By mixing 24% and 67% acid solutions and adding 10 kg of pure water, a 41% acid solution was obtained.
By mixing 24% and 67% acid solutions and adding 10 kg of pure water, a 41% acid solution was obtained. If, instead of 10 kg of water, 10 kg of a 50% solution of the same acid were added, then a 45% acid solution would be obtained.

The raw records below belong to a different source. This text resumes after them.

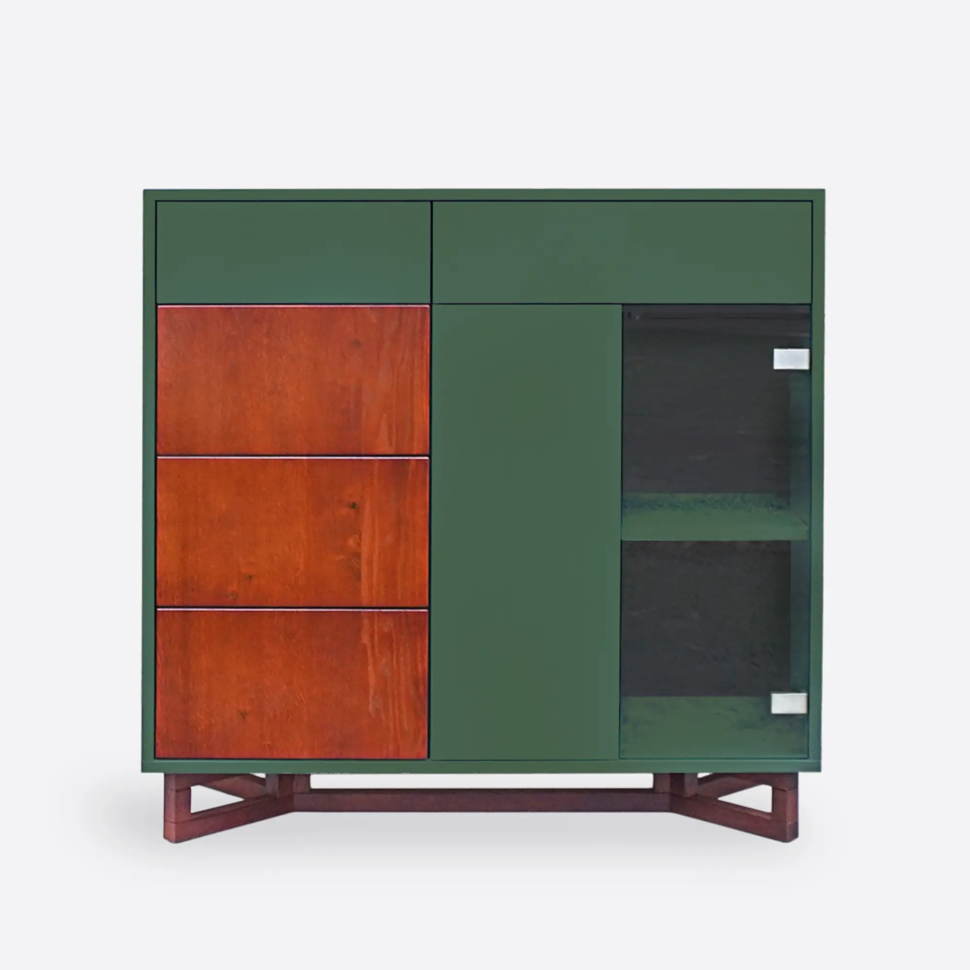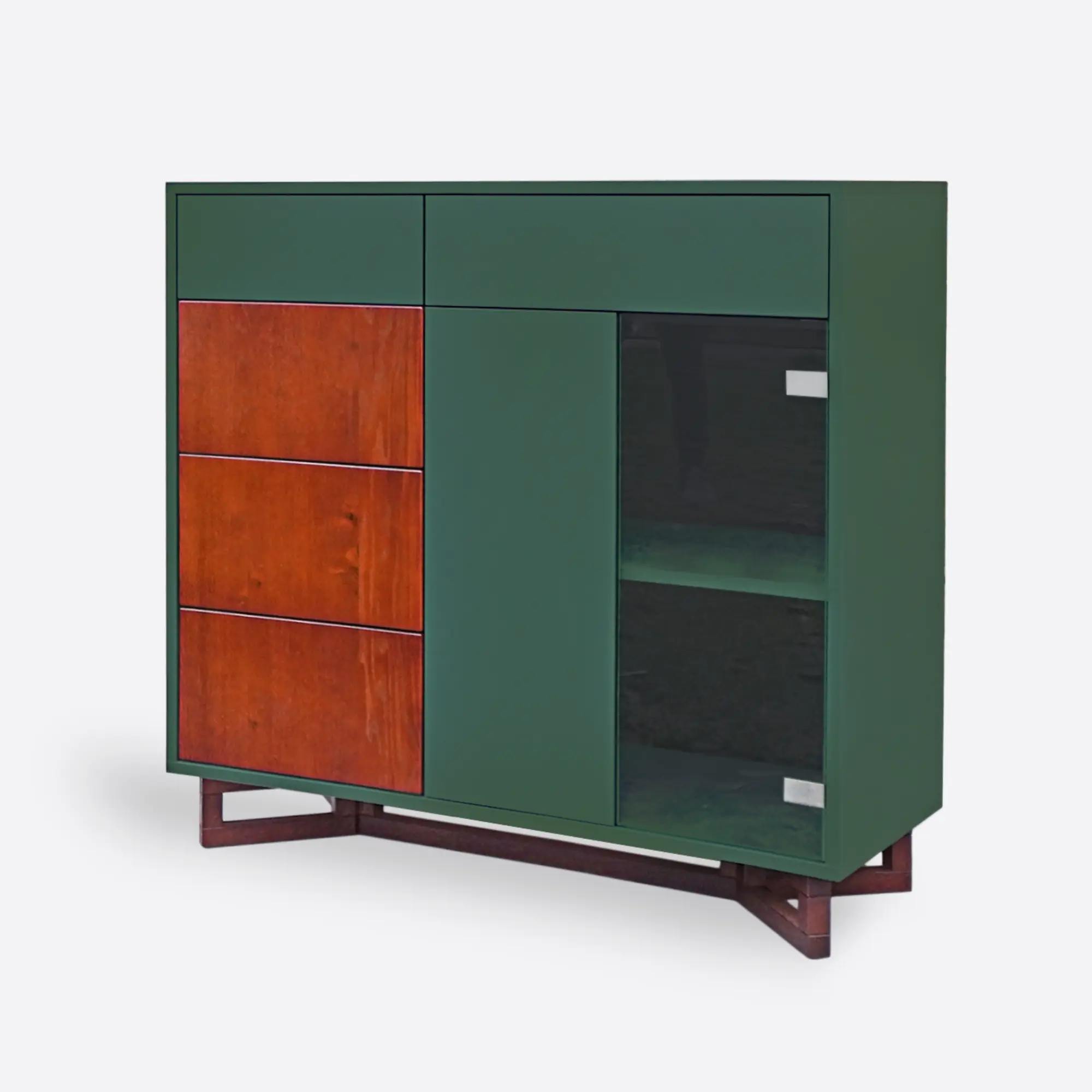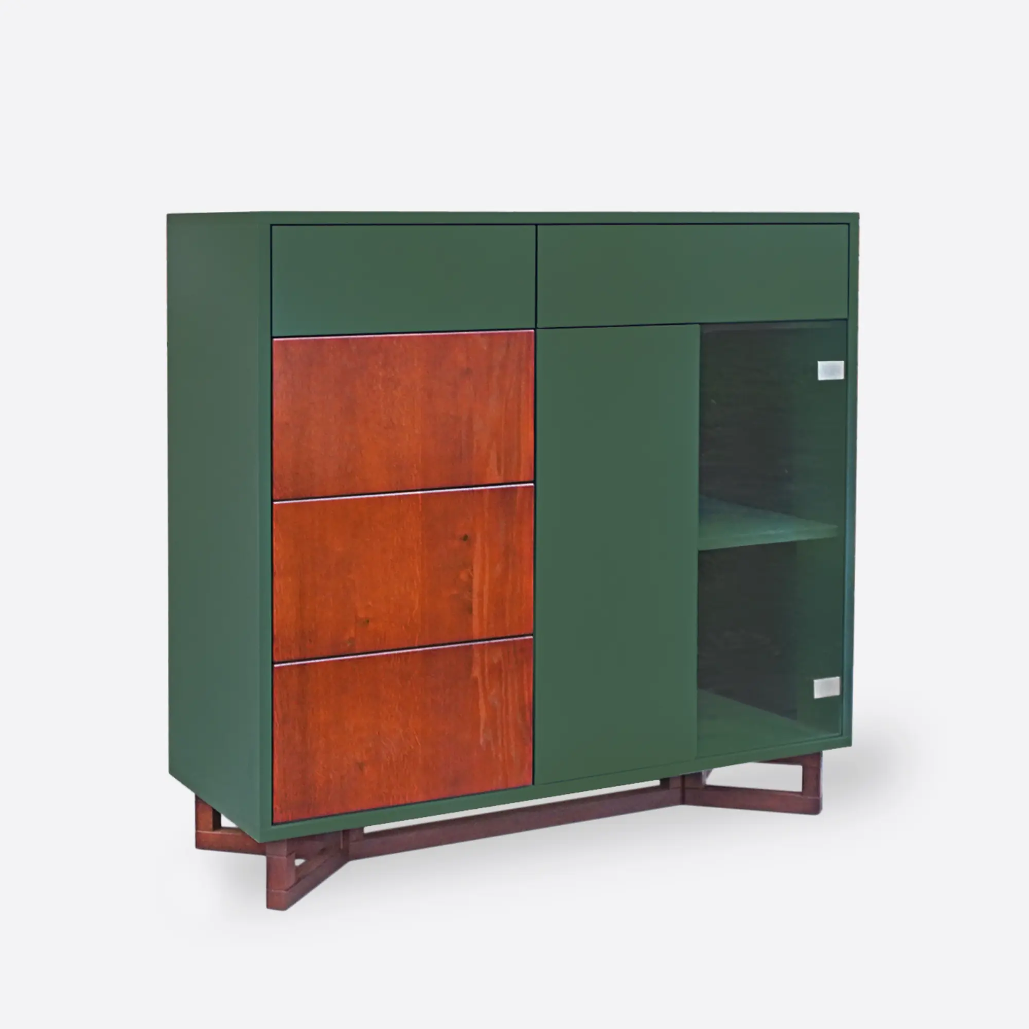 Die Holzkommode mit Schubladen aus Holz und einer NORD-Platte ist ein Möbelstück, das ein modisches und funktionales Interieur schafft. Das Möbelstück ist aus laminiertem Material in der Farbe Labrador gefertigt. Die Fronten von drei Schubladen und einem Schrank bestehen aus massivem Eichenholz in der Kirschfarbe. Darüber hinaus wurden die Türen auf der rechten Seite aus Glas gefertigt, um interessante Dekorationen auf interessante Weise zu präsentieren. Die Beine des Möbelstücks sind aus Eichenholz gefertigt. Holzkommoden und Kommoden aus Kiefernholz sind solide und langlebige Möbelstücke. Diese Designer-Kommode ist mit fünf Schubladen und zwei Regalen ausgestattet, in denen Sie viele Dinge des täglichen Gebrauchs sicher aufbewahren können, und sie bietet gleichzeitig Sicherheit für deren Aufbewahrung. Die moderne Form der Holzkommode in Verbindung mit einer praktischen und soliden Konstruktion aus Schubladen und Schränken schafft eine elegante und vielseitige Einheit. Die Holzkommode mit Holzschubladen und einer Platte wird eine hervorragende Ergänzung sowohl für das Esszimmer, das Wohnzimmer als auch den Wohnbereich sein. Holzkommoden sind vielseitige Möbelstücke. Wir fertigen Holzkommoden und andere Möbelstücke von Hand, was eine Garantie für ein originelles und einzigartiges Aussehen bietet.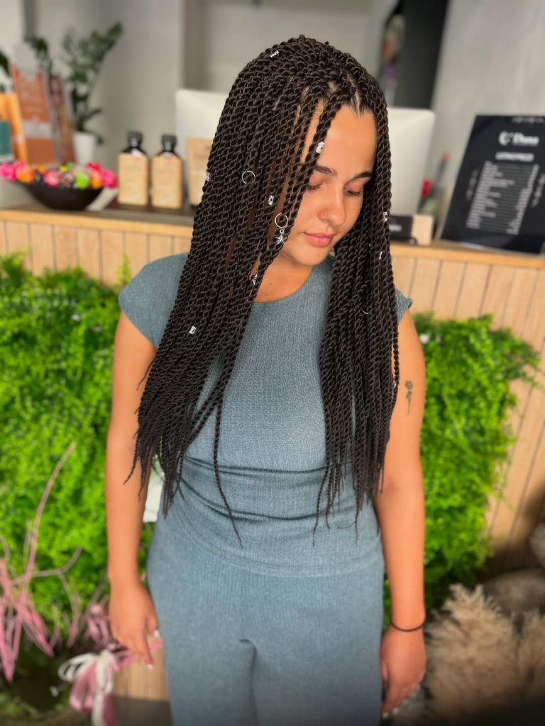 There’s something mesmerizing about rows of perfectly installed twists. These Senegalese Strand twists fall smoothly past the shoulders, creating a sleek curtain of hair that moves with every step. The addition of small rings and beads gives the style a subtle sparkle, making it feel both playful and polished. Each twist feels like a delicate thread woven into a larger story of texture and movement.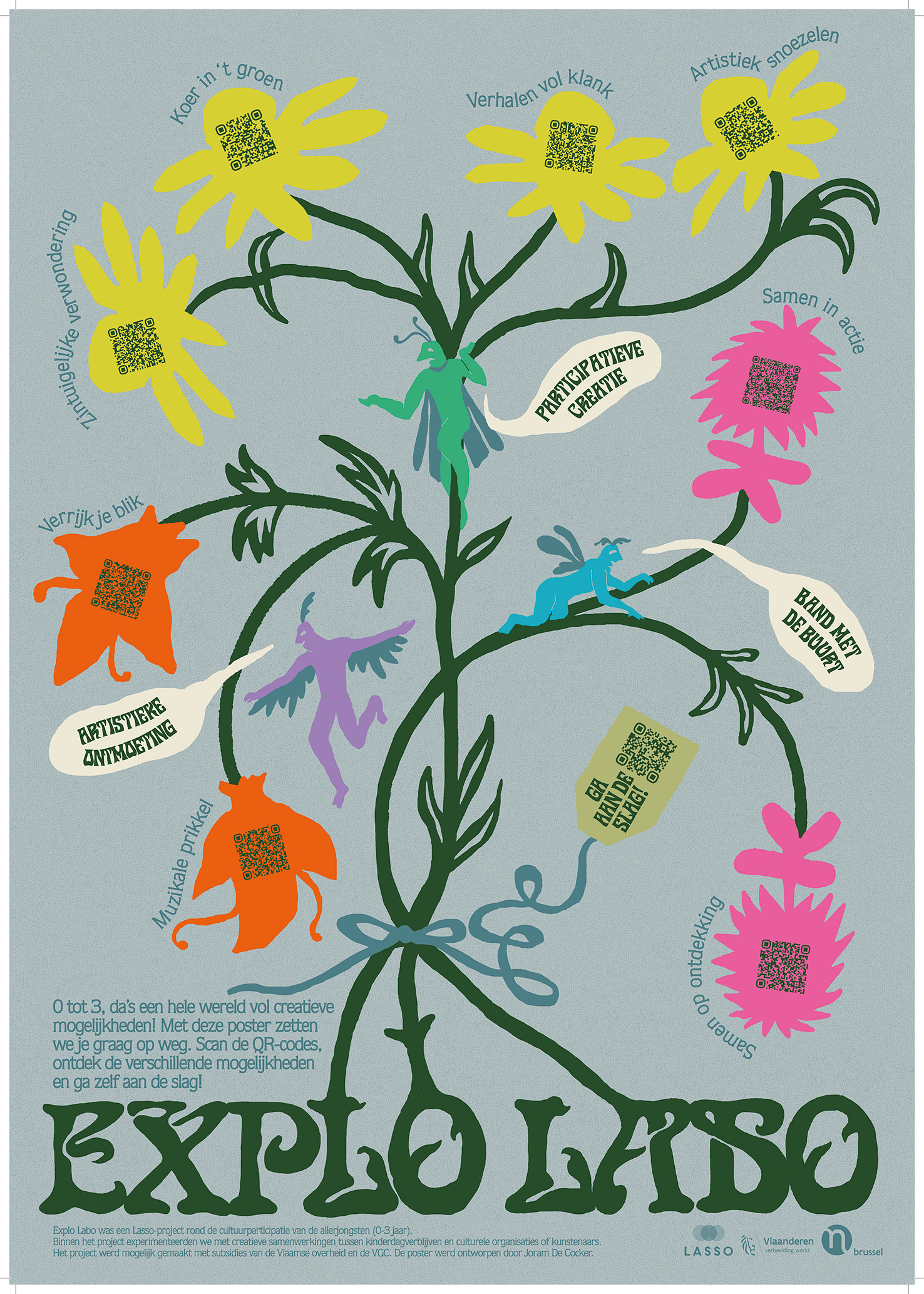 Daarom gingen we samen met Brusselse partnerorganisaties op zoek naar manieren om jonge kinderen van meet af aan te laten kennismaken met kunst en cultuur. Hoe dat precies gebeurde, kan je ontdekken op een inspiratieposter. Scan de QR-codes, ontdek de verschillende mogelijkheden en ga zelf aan de slag!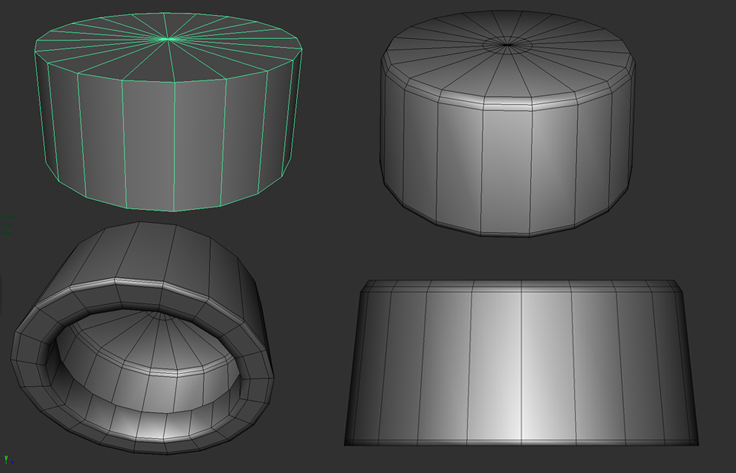 Tip: While middle object is selected press”3″ on your keyboard to see the poly in smooth preview. Press “1” to go back to normal mode. Notice this feature is only available for Maya2008 and higher…..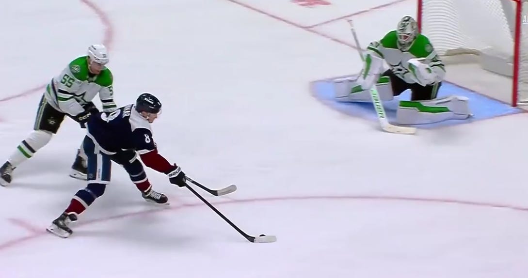Mikael Granlund got a better chance at even-strength when he a post right after the power play, and Matt Duchene led another rush just after that to nearly restore the Stars’ lead. But despite getting some momentum, the Avalanche would get the next goal when Val Nichushkin got open on the weak side and walked up to the hash marks and fired a puck top shelf on a Brock-Nelson-Screened Oettinger. The whole play was kept alive by a slick bit of work from Cale Makar, though. It turns out, having your best defenseman in these big games is a very good thing.

How many kilograms of the 24% solution were used to make the mixture?
1. The mass of the first solution with a concentration of K1 = 24% is equal to: M1 kg;
2. The mass of the second solution with a concentration of K2 = 67% is equal to: M2 kg;
3. Concentration of the third solution: K3 = 41%;
4. The acid balance of this solution:
K1 * M1 + K2 * M2 = K3 * (M1 + M2 + 10);
0.24 * M1 + 0.67 * M2 = 0.41 * (M1 + M2 + 10);
5. In the fourth solution (the concentration of K4 = 0.45% was obtained), the solution was added
concentration K5 = 50% M5 = 10 kg;
6. Balance of the fourth solution:
K1 * m1 + K2 * M2 + K5 * M5 = K4 * (M1 + M2 + M5);
0.24 * M1 + 0.67 * M2 + 0.5 * 10 = 0.45 * (M1 + M2 + 10);
7. Subtract the first from the second equation:
5 = 0.04 * (M1 + M2 + 10) = 0.04 * (M1 + M2) + 0.4;
M1 + M2 = (5 – 0.4) / 0.04 = 115 kg;
M2 = (115 – M1) kg;
0.24 * M1 + 0.67 * (115 – M1) = 0.41 * (115 + 10);
77.05 – 51.25 = 0.43 * M1;
M1 = (77.05 – 51.25) / 0.43 = 60 kg.
Answer: to obtain a mixture, they took 60 kg of a 24% solution.